KI in Europa: Zwischen Innovation und ethischen Grenzen

 

Nach 38 Stunden Verhandlungen an drei aufeinanderfolgenden Tagen haben die Verhandlungspartner:innen des Europäischen Parlaments und des Rats der Europäischen Union vergangene Woche in der Nacht auf Samstag eine politische Einigung zum Gesetz über künstliche Intelligenz (AI Act) erzielt. Das Gesetz stellt damit das erste umfassende Regelwerk für die Nutzung von KI in der EU dar und sucht auch sonst noch weltweit seinesgleichen.
Den Anstoß für den AI Act leiferte bereits im April 2021 ein entsprechender Vorschlag der Europäischen Kommission, um die Nutzung von KI-System im europäischen Raum sicher zu gestalten und die Grundrechte der Europäer:innen zu schützen. Geeinigt haben sich Rat und Parlament nun auf einen risikobasierten Ansatz beim Umgang mit KI, Systeme werden also künftig drei Risikogruppen zugeteilt.
Für Systeme, die als hochriskant eingestuft werden, gelten künftig strengere Regelungen in Sachen Risikomanagement, Transparenz und Cybersicherheit.
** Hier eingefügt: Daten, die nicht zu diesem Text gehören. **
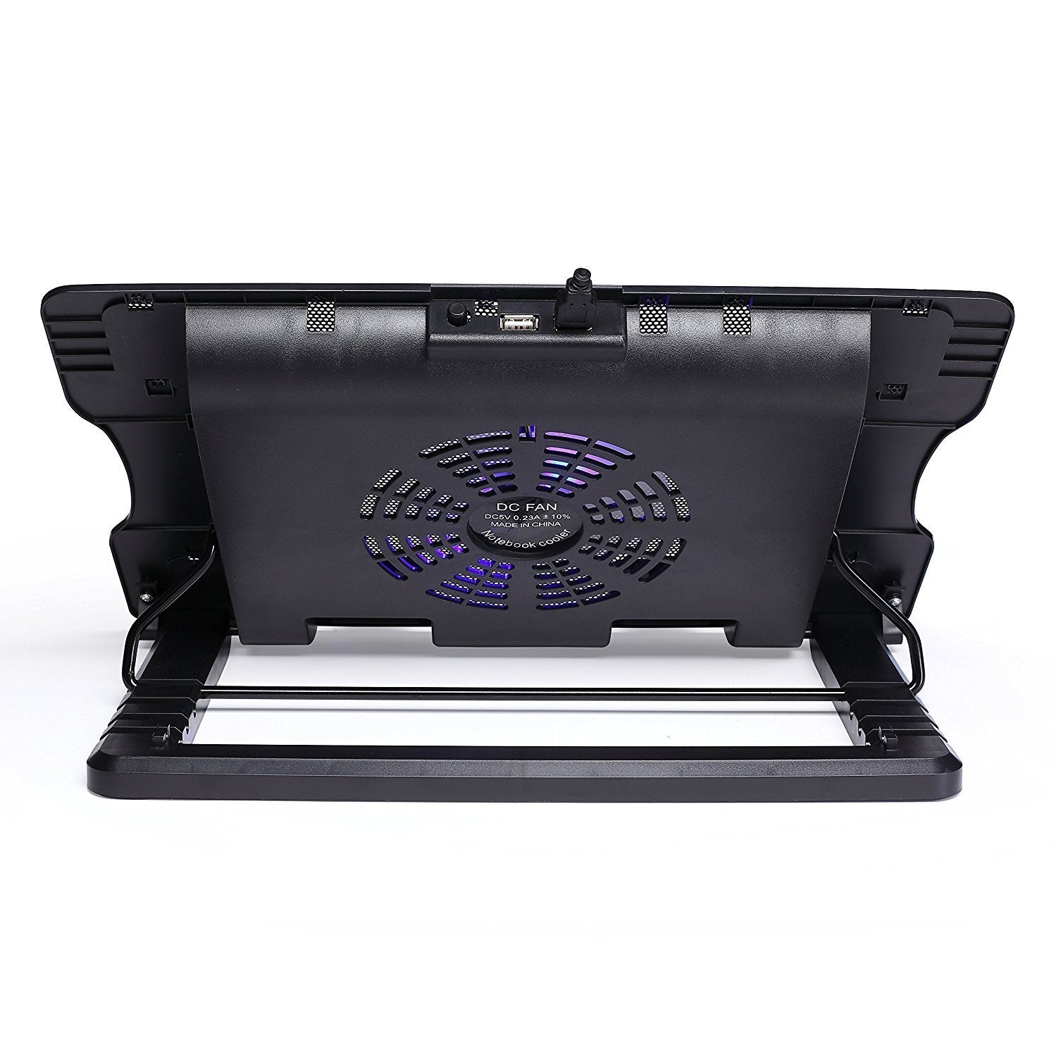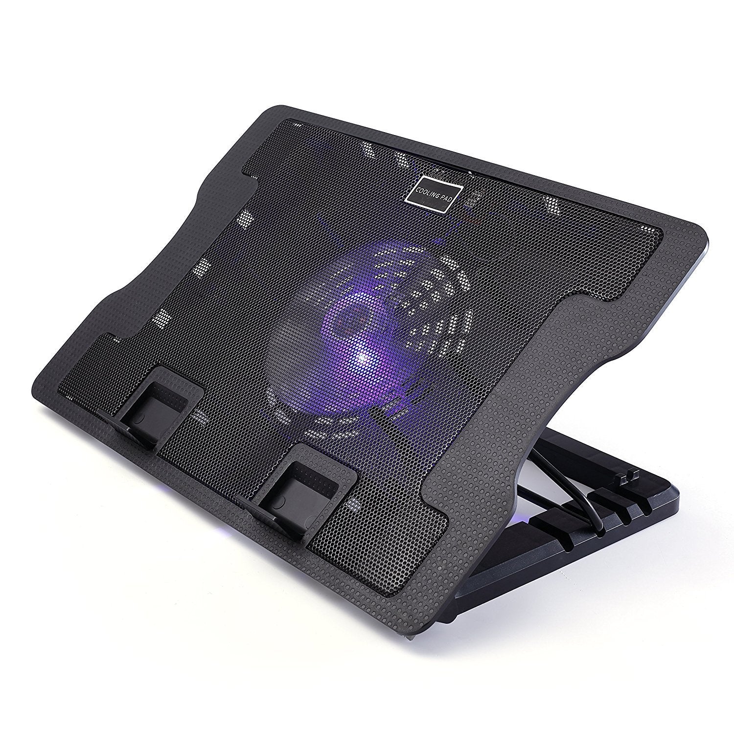 Laptop Cooling Pad for 12-17" Screens. Ergonomically design for a better viewing and typing angle, allowing you to work or play on your laptop for prolonged periods without straining your neck, back and wrist. Great at home or in the office. This Notebook adjustable stand is designed to keep your laptop temperatures low, even while using them at a high capacity. It uses cooling fan to constantly blast cold air to the bottom of the computer and dissipate the emitting heat. It can support laptops with a screen size between 12-17 inches, which is the range for the most standard sizes. This is foldable and slim and lightweight pad is made to be portable to use in at any location.

Es soll genau dokumentiert werden, wie die KI-Modelle trainiert und getestet werden, um nachzuverfolgen, ob urheberrechtliche Regelungen eingehalten wurden.
An Systeme, die nur ein minimales Risiko für die Sicherheit der Bürger:innen aufweisen, darunter fallen beispielsweise Spam-Filter oder Videospiele, werden keine Anforderungen gestellt.
Per se verboten werden KI-Systeme, deren Risiko als unannehmbar eingestuft wird. Dazu zählen jene Systeme, die in der Lage sind menschliches Verhalten zu manipulieren oder ungezielte biometrische Erkennung aus dem Internet und über Überwachungskameras ermöglichen. Die Zulassung von biometrischer Identifizierung im öffentlichen Raum wird nur in Notfallsituationen erlaubt, wenn nach einer bestimmten Person gesucht wird und nur dann, wenn eine Gefahr für Leib und Leben besteht. Ebenso verboten ist das aus China bekannte Social Scoring, mit dem die Vertrauenswürdigkeit einer Person beurteilt wird. Dies gilt als unvereinbar mit den europäischen Werten.
Um einheitliche Standards zu gewährleisten und nationale Alleingänge zu vermeiden, wird innerhalb der EU-Kommission eine spezielle KI-Behörde eingerichtet, die eine Schlüsselrolle bei der Überwachung und Durchsetzung der KI-Regelungen spielen wird.
Insgesamt demonstriert die KI-Verordnung ein klares Bekenntnis zu einem verantwortungsbewussten und ethisch vertretbaren Umgang mit einer der entscheidensten Technologien unserer Zeit – und wird deshalb allgemein als begrüßenswert bezeichnet. Allerdings kam auch Kritik an den strengeren Regeln von großen Mitgliedstaaten wie Frankreich und Deutschland, die eine Bremsung von Innovationen befürchten. Insbesondere für Start-Ups könnte die Umsetzung der Dokumentationspflichten schwieriger zu bewerkstelligen sein, als für große Unternehmen wie beispielsweise OpenAI.
In den kommenden Wochen werden die technischen Details der Verordnung genauer erarbeitet und Rat und Parlament müssen den AI Act, wenn auch nur pro forma, offiziell annehmen. Bis das Gesetz dann schlussendlich Geltung erlangt, werden laut Einigung noch zwei Jahre vergehen.